# WORK REQUIRED
Transcribe the listing exactly as written. Leave the images out.

# DATA SEGMENT
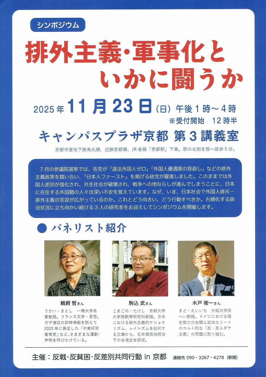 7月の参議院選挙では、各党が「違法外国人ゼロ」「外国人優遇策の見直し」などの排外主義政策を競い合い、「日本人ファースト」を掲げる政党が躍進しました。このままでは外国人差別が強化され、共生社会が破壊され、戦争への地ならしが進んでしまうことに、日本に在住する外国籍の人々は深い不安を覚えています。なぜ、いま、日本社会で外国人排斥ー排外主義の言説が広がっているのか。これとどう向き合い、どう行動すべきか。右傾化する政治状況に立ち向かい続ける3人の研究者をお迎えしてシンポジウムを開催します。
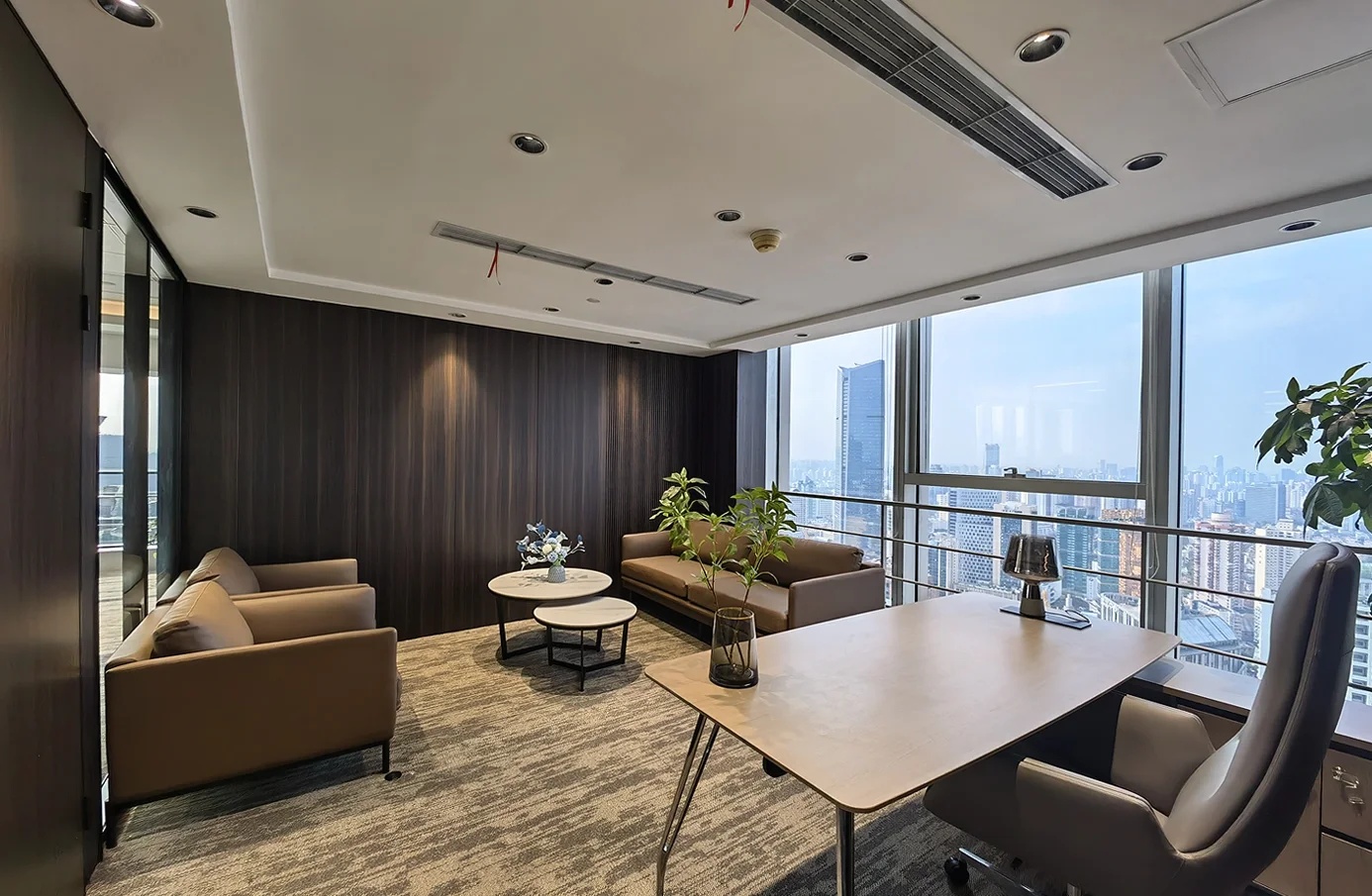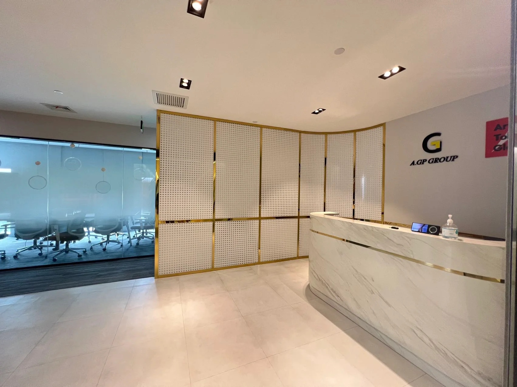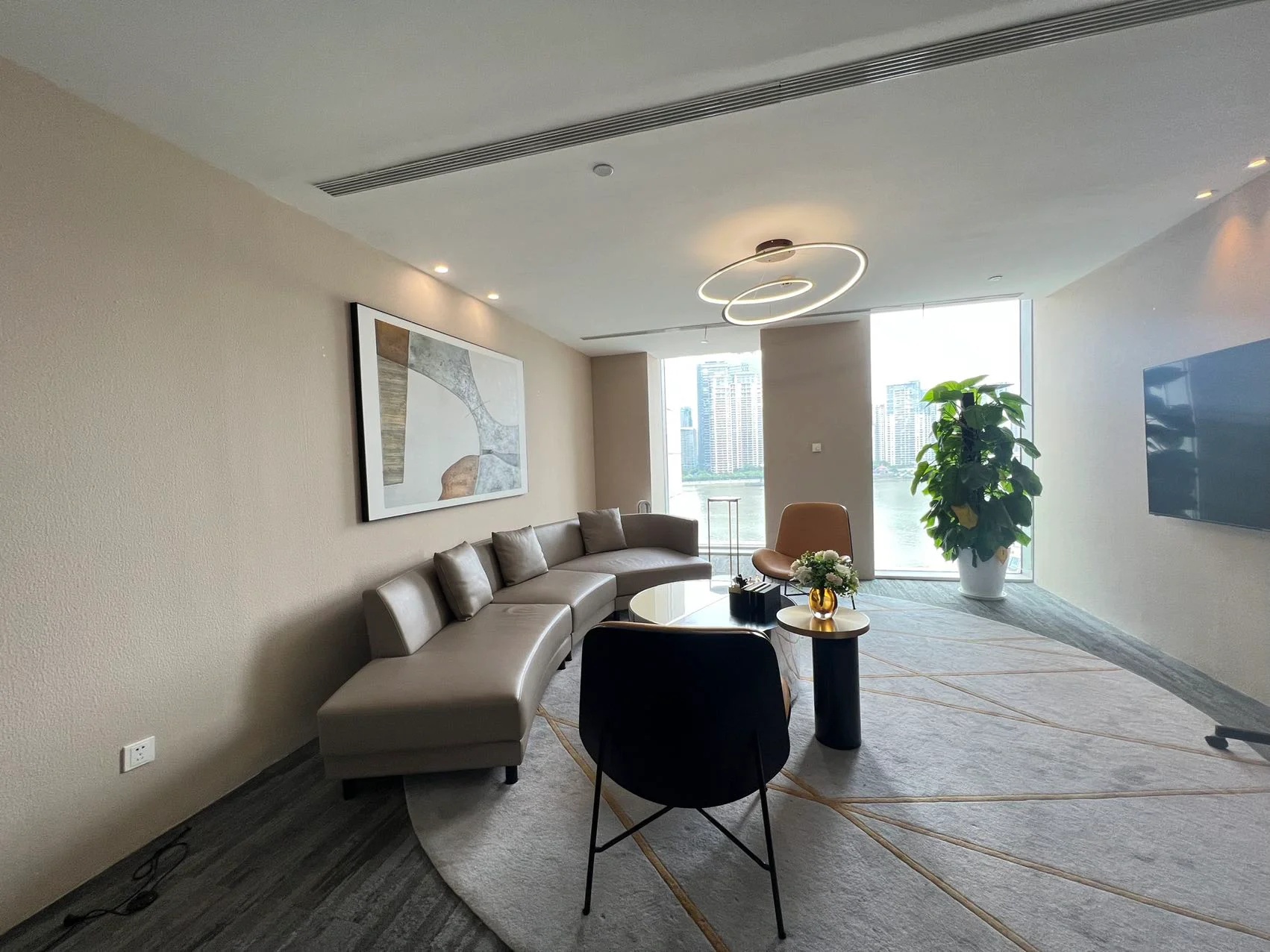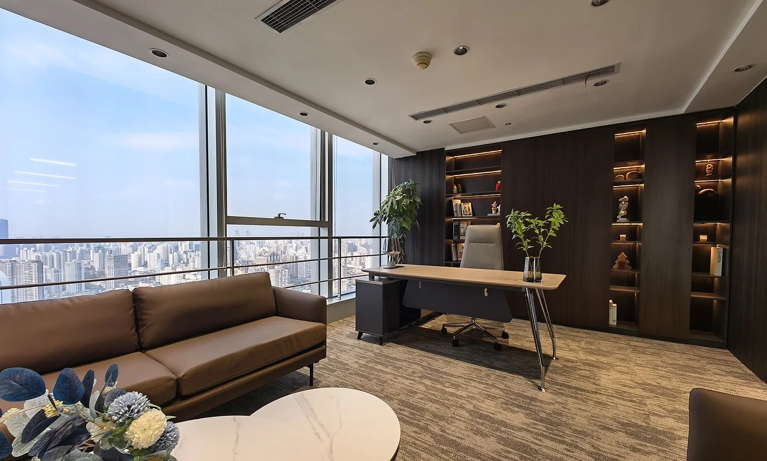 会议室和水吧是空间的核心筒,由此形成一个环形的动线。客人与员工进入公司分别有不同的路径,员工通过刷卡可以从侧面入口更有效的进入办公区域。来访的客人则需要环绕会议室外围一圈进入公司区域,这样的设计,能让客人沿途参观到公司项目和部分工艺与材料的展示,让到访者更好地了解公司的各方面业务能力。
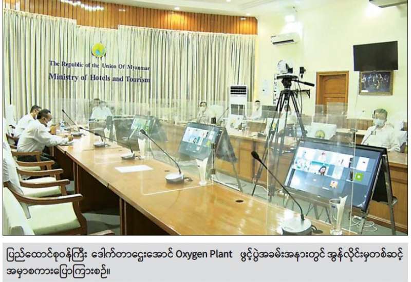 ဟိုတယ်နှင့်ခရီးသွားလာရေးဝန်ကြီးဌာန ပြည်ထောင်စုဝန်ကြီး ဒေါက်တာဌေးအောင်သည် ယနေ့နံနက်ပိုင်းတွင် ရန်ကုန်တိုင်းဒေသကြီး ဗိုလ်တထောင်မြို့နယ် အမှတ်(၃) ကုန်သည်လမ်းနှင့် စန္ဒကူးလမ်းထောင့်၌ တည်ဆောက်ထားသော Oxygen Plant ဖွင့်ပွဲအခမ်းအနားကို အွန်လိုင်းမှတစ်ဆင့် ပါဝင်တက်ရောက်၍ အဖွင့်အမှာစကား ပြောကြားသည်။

# RESULT FOR THIS TASK
 7月の参議院選挙では、各党が「違法外国人ゼロ」「外国人優遇策の見直し」などの排外主義政策を競い合い、「日本人ファースト」を掲げる政党が躍進しました。このままでは外国人差別が強化され、共生社会が破壊され、戦争への地ならしが進んでしまうことに、日本に在住する外国籍の人々は深い不安を覚えています。なぜ、いま、日本社会で外国人排斥ー排外主義の言説が広がっているのか。これとどう向き合い、どう行動すべきか。右傾化する政治状況に立ち向かい続ける3人の研究者をお迎えしてシンポジウムを開催します。
 会议室和水吧是空间的核心筒,由此形成一个环形的动线。客人与员工进入公司分别有不同的路径,员工通过刷卡可以从侧面入口更有效的进入办公区域。来访的客人则需要环绕会议室外围一圈进入公司区域,这样的设计,能让客人沿途参观到公司项目和部分工艺与材料的展示,让到访者更好地了解公司的各方面业务能力。
 ဟိုတယ်နှင့်ခရီးသွားလာရေးဝန်ကြီးဌာန ပြည်ထောင်စုဝန်ကြီး ဒေါက်တာဌေးအောင်သည် ယနေ့နံနက်ပိုင်းတွင် ရန်ကုန်တိုင်းဒေသကြီး ဗိုလ်တထောင်မြို့နယ် အမှတ်(၃) ကုန်သည်လမ်းနှင့် စန္ဒကူးလမ်းထောင့်၌ တည်ဆောက်ထားသော Oxygen Plant ဖွင့်ပွဲအခမ်းအနားကို အွန်လိုင်းမှတစ်ဆင့် ပါဝင်တက်ရောက်၍ အဖွင့်အမှာစကား ပြောကြားသည်။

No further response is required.